Currently we deal with around a dozen suppliers and none of them provide all of the above.

Why don’t cloud service providers like Accountants?

Recently I have been working on a data warehouse project that is trying to extract billing and payment information from a range of cloud services. In all cases it seems that the data needed by the accountants has not been given the care that it needs.
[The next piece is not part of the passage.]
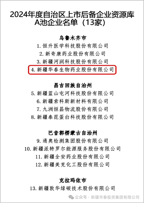 為優(yōu)化充實新疆上市資源,提升自治區(qū)上市后備企業(yè)資源庫整體質量,培育更多優(yōu)質企業(yè)赴多層次資本市場上市掛牌和融資,讓實體企業(yè)更好地參與和服務建設自治區(qū)“八大產業(yè)集群”,3月4日,自治區(qū)地方金融管理局公示了2024年度入庫上市后備企業(yè)名單,新疆華春生物藥業(yè)股份有限公司(簡稱華春藥業(yè))又被列入后備企業(yè)資源庫A池。

The industry practice seems to be log into a portal and download a spreadsheet of data that may be accurate or timely. Any api’s exposing this data seem to only work on a per order basis – which means that an attempt to keep a database upto date could require geometrically increasing processing times (you need to check each order for changes to a transaction).  These api’s tend to be heavily restricted on the volume of data per call (hundreds of transactions per call) combine this with a frequently undocumented rate limit make catching up historical data difficult at best.

If you are providing services that accountants need think about providing an api that makes reconciliation easy. Reconciliation is important especially if you want to get your tax calculations right.